Both control and Hoil-1^-/- mice are still partially protected from listeria infection 6 months after MHV68 infection, and these data are now in Figure 5–figure supplement 1.

Importantly, the results presented in Figure 5 contrast with the phenotype of human Hoil-1 deficiency. For instance, one of the Hoil-1 deficient patients described in PMID 23104095 had recurrent cytomegalovirus (human herpesvirus 5) viremia, and even died of complications of cytomegalovirus infection. Other patients had documented herpesvirus infections by VZV, and “viral infections, such as roseola and chicken-pox, followed a regular course and triggered a less prolonged inflammatory response than the pyogenic bacterial infections”.

We agree that this is an apparent difference, but MHV-68 is a γ-herpesvirus and HHV5 is a β-herpesvirus and the pathogenesis of the viruses may be quite distinct therefore. We have not challenged our mutant mice with a β-herpesvirus.

It is also likely that Hoil-1 deficient human patients had additional chronic herpes viral infections, given that EBV, HHV6 and 7 are acquired within the first two years of life for most individuals. Despite these chronic herpes viral infections, they suffer from severe and recurrent bacterial infection.
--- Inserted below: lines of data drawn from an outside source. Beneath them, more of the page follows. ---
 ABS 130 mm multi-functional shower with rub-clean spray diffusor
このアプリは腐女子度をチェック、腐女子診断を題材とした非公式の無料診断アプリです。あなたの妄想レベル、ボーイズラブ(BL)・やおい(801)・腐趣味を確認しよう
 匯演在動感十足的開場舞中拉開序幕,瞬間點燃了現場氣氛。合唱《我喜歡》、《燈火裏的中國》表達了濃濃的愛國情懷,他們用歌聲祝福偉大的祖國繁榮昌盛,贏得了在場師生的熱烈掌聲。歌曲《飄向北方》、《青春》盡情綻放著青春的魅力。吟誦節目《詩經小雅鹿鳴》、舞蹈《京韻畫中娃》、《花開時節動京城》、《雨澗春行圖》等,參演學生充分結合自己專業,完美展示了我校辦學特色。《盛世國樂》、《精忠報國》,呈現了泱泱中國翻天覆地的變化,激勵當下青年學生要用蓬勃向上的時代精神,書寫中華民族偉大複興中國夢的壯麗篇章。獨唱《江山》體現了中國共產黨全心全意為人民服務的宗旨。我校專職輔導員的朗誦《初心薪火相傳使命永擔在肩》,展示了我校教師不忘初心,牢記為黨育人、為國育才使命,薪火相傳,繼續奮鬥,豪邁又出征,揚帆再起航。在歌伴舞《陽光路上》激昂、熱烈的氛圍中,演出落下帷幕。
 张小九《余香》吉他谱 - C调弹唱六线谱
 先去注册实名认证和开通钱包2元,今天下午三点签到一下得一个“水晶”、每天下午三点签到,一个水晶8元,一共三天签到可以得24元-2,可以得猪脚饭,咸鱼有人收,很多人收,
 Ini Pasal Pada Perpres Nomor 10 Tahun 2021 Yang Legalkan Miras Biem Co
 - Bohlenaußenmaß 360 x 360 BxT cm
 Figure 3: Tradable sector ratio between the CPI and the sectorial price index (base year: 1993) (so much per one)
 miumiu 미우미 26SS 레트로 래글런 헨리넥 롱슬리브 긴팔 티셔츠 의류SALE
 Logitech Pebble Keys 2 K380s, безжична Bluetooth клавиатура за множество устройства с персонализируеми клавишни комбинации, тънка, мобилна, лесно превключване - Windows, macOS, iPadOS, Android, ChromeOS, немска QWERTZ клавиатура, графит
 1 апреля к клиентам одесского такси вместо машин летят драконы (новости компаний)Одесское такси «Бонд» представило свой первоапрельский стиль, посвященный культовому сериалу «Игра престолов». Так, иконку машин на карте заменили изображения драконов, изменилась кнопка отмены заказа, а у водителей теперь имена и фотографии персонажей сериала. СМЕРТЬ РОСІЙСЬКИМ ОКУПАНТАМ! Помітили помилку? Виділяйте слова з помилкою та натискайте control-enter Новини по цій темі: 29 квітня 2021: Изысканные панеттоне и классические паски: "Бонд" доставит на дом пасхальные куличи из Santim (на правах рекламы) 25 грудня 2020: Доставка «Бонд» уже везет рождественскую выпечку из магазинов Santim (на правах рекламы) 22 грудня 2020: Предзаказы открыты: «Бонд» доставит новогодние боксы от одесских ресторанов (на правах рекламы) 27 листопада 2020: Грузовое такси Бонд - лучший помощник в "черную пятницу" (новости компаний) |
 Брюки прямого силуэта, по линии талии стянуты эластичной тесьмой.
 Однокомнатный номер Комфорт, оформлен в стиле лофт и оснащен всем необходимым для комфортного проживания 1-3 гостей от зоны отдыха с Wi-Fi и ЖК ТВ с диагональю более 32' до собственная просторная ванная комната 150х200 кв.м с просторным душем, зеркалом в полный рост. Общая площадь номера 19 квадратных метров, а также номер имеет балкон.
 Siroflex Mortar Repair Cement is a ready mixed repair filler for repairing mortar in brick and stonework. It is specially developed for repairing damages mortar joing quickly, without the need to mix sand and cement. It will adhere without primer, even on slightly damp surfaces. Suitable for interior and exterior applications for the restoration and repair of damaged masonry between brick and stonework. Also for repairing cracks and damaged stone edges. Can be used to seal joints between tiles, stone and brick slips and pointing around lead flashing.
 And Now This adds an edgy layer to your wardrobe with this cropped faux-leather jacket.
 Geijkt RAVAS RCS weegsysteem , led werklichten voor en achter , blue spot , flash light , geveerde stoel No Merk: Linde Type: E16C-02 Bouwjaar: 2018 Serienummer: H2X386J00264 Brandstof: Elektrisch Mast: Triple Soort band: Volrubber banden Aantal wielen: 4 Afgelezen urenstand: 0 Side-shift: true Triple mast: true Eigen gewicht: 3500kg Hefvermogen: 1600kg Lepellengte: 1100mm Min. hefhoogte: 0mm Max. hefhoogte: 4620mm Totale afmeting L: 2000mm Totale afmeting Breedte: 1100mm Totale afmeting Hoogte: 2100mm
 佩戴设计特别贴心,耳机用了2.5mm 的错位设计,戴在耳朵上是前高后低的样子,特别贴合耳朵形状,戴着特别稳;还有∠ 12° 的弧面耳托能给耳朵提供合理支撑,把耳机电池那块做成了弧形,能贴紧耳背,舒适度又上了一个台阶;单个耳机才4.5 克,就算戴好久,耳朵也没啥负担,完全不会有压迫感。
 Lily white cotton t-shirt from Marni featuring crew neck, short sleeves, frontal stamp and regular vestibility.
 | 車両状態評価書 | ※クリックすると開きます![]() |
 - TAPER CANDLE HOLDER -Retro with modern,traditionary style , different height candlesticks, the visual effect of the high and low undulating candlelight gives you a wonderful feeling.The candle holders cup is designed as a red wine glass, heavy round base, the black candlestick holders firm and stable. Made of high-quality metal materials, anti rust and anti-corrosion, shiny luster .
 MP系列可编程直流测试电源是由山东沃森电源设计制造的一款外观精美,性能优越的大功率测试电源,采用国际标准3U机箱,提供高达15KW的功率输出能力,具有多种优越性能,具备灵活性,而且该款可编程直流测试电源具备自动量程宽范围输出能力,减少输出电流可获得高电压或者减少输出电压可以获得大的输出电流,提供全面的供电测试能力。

Thus, the results reported in the mouse model, while interesting, do not appear to be broadly applicable to human disease. Likewise, it is not clear why wildtype mice, become susceptible to listeria challenge after MHV68 infection, and to a lesser extent, upon infection by MHVorf73.stop (Figure 5B).

We agree that it is possible that HOIL-1 mutant patients were infected with multiple herpesviruses, but have been unable to obtain samples with which to test this. The immunodeficiencies in the human patients were actually relatively mild, particularly given that they were on steroid treatments to suppress the auto-inflammation. The SFP mice appear to have a much more severe immunodeficiency than the humans, which is made less severe by MHV68 latency. We agree that it is difficult to directly compare humans with SPF mice. We used a γ-herpesvirus model for our mouse studies, but α-(i.e. VZV) or β-(i.e. HCMV)-herpesviruses may not produce the same phenotypes.